Here are the messages that are written to the SAS log when the program above is submitted.

Table 13.1 SAS Log

NOTE: The infile SALE2000 is:
      File Name=C:My SAS Files9.0sale2000.dat,
      RECFM=V,LRECL=256

NOTE: 153 records were read from the infile SALE2000.
      The minimum record length was 82.
      The maximum record length was 100.
NOTE: The data set SASUSER.SALE2000 has 153 observations
      and 19 variables.
NOTE: Composite index flightdate has been defined.
NOTE: Simple index origin has been defined.
NOTE: DATA statement used (Total process time):
      real time           1.08 seconds
      cpu time            0.04 seconds

Determining Whether SAS Is Using an Index

It is not always possible or more efficient for SAS to use an existing index to access specific observations directly. An index is not used

• with a subsetting IF statement in a DATA step

• with particular WHERE expressions

• if SAS determines it is more efficient to read the data sequentially.

Example

You can use the MSGLEVEL= option to determine whether SAS is using an index. The following SAS log messages show examples of the INFO messages that indicate whether an index was used.

Table 13.2 SAS Log

6 options msglevel=i;
7
8 proc print data=sasuser.revenue;
9     where flightid ne 'IA11200';
INFO: Index FlightID not used. Increasing bufno to 3 may help.

Table 13.3 SAS Log

11 options msglevel=i;
12
13 data somflights;
14     set sasuser.revenue;
15     where flightid > 'IA11200';
INFO: Index FlightID selected for WHERE clause optimization.

Managing Indexes with PROC DATASETS

Overview

You have seen how to create an index at the same time that you create a data set. You can also create an index on an existing data set, or delete an index from a data set. One way to accomplish either of these tasks is to rebuild the data set. However, rebuilding the data set is not the most efficient method for managing indexes.

You can use the DATASETS procedure to manage indexes on an existing data set. This uses fewer resources than it would to rebuild the data set. You use the MODIFY statement with the INDEX CREATE statement to create indexes on a data set. You use the MODIFY statement with the INDEX DELETE statement to delete indexes from a data set. You can also use the INDEX CREATE statement and the INDEX DELETE statement in the same step.

General form, PROC DATASETS to create and delete an index:

PROC DATASETS LIBRARY= libref<NOLIST>;

MODIFY SAS-data-set-name;

INDEX DELETE index-name;

INDEX CREATE index-specification;

QUIT;

where

libref

points to the SAS library that contains SAS-data-set-name.

NOLIST

option suppresses the printing of the directory of SAS files in the SAS log and as ODS output.

index-name

is the name of an existing index to be deleted.

index-specification

for a simple index is the name of the key variable.

index-specification

for a composite index is index-name=(variable-1...variable-n).

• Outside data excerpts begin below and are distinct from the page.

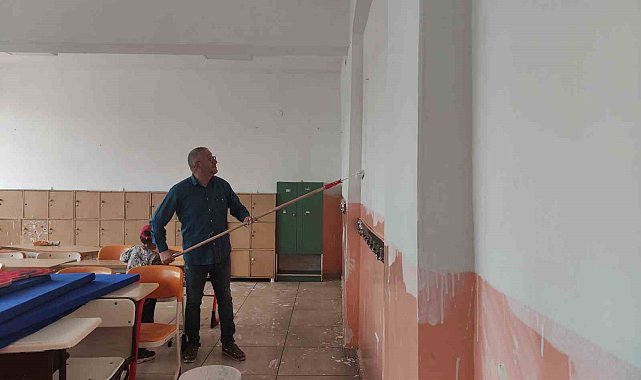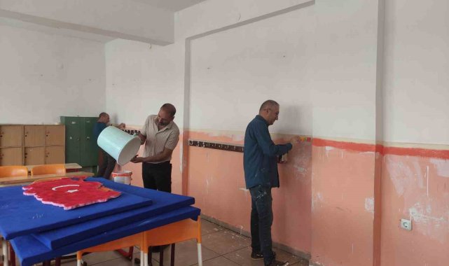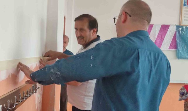 Ardahan'daki 23 Şubat İlkokulu'nun idarecileri ve öğretmenleri, tatil yapmak yerine okullarını boyayıp onararak yeni eğitim öğretim dönemine hazırlıyor.Eğitim öğretim döneminin sona ermesiyle kentteki öğrenciler yaz tatiline girerken, bazı öğretmenler de çocukların yeni dönemde daha iyi imkanlarda eğitim görmesi amacıyla görev yaptıkları okulun eksiklerini gidermeye çalışıyor.23 Şubat İlkokulu'nda görev yapan öğretmenler de tatillerini okulda çalışarak geçiriyor. Fedakar öğretmenler, okulun tahrip olan yerlerini onararak, dış cephesini boyuyor.Okul Müdürü Gürsoy Marancı, öğretmenlerle bir araya geldiklerinde Öğrencilerimizin daha güzel bir ortamda eğitim görmeleri bizi daha mutlu eder, düşüncesiyle böyle bir çalışma yapmaya karar verdiklerini anlattı. Öğretmenlerin bu çalışma için tatillerinden feragat ettiğini belirten Marancı, "2025-2026 eğitim öğretim sezonuna daha iyi hazırlanmak amacıyla okulumuzda ufak tefek tadilatlar yapmaya karar verdik. Öğretmen arkadaşlarımızla amacımız, okulumuzu daha da güzelleştirmek ve eğitim öğretim döneminde çocuklarımız için daha güzel ve yaşanılabilir bir alan oluşturmak" dedi.Sınıf Öğretmeni Cem Sinan Evgin, yaz tatilinde okulumuzun eksiklerini gidermek ve öğrencilerimizin temiz ve güzel bir sınıfta eğitim görmeleri için elimizden geleni yapıyoruz. Boya, sıraların tamiri gibi bir çok eksiği gidermeye çalışıyoruz. Okul müdürümüzün desteği ve yardımıyla okulumuzu ve memleketimizi bırakmıyoruz'' dedi.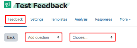 After creating the feedback activity, you can add questions by navigating to “Edit questions” within the feedback.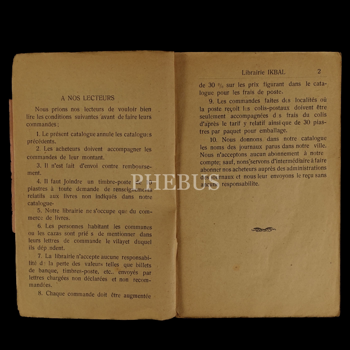 İKBAL KÜTÜPHANESİ´NİN UMUMİ KİTAP FİHRİSTİ, 1925, Garabet Matbaası, 157 sayfa, 12x18 cm...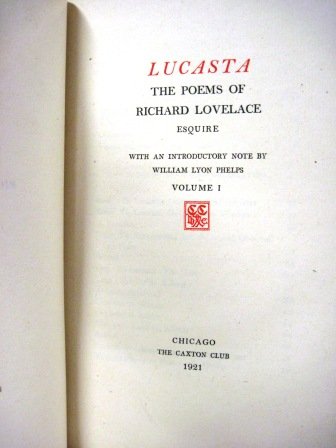 LUCASTA (1921, 2 VOLS. IN SLIP CASE) The Poems of Richard Lovelace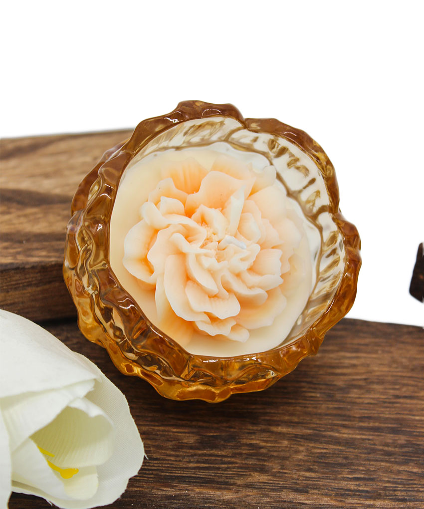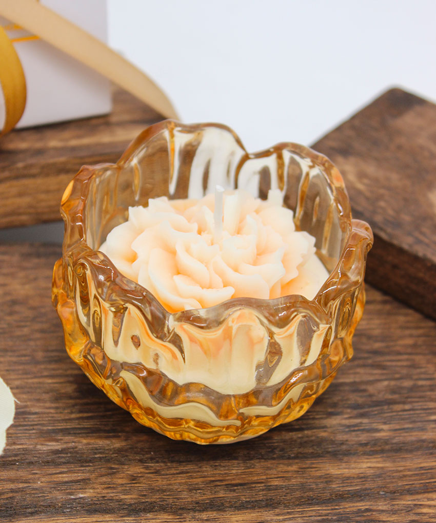 Bomboniera Candela in Vetro Ambra con Fiore – Eleganza e Atmosfera Unica ️✨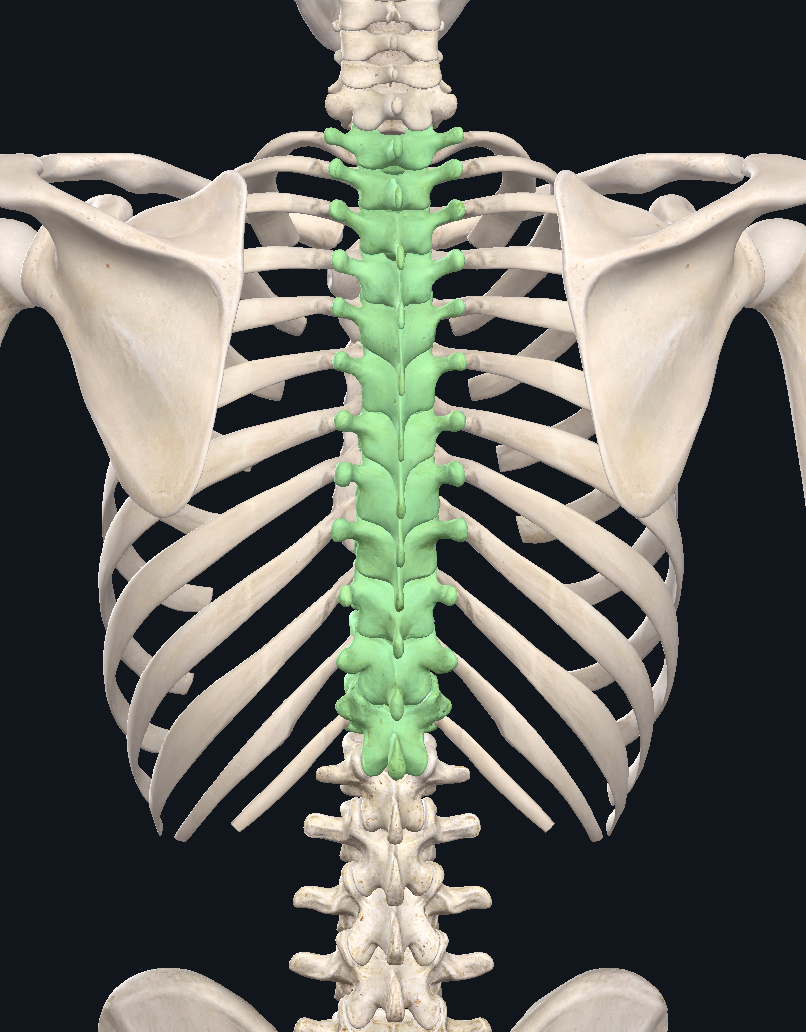 spinous processes of thoracic vertebrae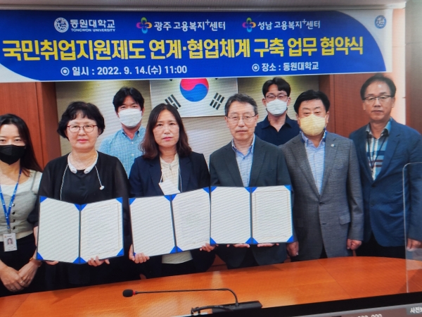 한편, 동원대학교 산학취업처(처장 임성준)는 동 협약 체결을 통해 “동원대학교와 성남고용센터, 경기광주고용센터 간 협업을 통해 재학생 및 졸업생이 더 나은 일자리에 취업될 수 있기를 희망한다.”고 말했다. 고용노동부 성남지청(지청장 김영미)은 “국민취업지원제도를 통해 동원대학교 재학생 및 졸업생들에게 맞춤형 취업지원서비스를 제공하여 더 좋은 일자리를 찾을 수 있도록 적극적으로 지원하겠다.”고 밝혔다.

The INDEX CREATE statement in PROC DATASETS cannot be used if the index to be created already exists. In this case, you must delete the existing index of the same name, and then create the new index.

TIP PROC DATASETS executes statements in order. Therefore, if you are deleting and creating indexes in the same step, you should delete indexes first so that the newly created indexes can reuse space of the deleted indexes.

Example

The following example creates an index named Origin on the Sasuser.Sale2000 data set. Origin is a simple index that is based on the key variable Origin.

proc datasets library=sasuser nolist;
   modify sale2000;
   index create origin;
quit;

The following example first deletes the Origin index from the Sasuser.Sale2000 data set, and creates two new indexes on the Sasuser.Sale2000 data set. FlightID is a simple index that is based on the values of the key variable FlightID. Fromto is a composite index that is based on the concatenated values of the key variables Origin and Dest.

proc datasets library=sasuser nolist;
   modify sale2000;
   index delete origin;
   index create flightid;
   index create Fromto=(origin dest);
quit;

Managing Indexes with PROC SQL

Overview

You can also create indexes on or delete indexes from an existing data set within a PROC SQL step. The CREATE INDEX statement enables you to create an index on a data set. The DROP INDEX statement enables you to delete an index from a data set.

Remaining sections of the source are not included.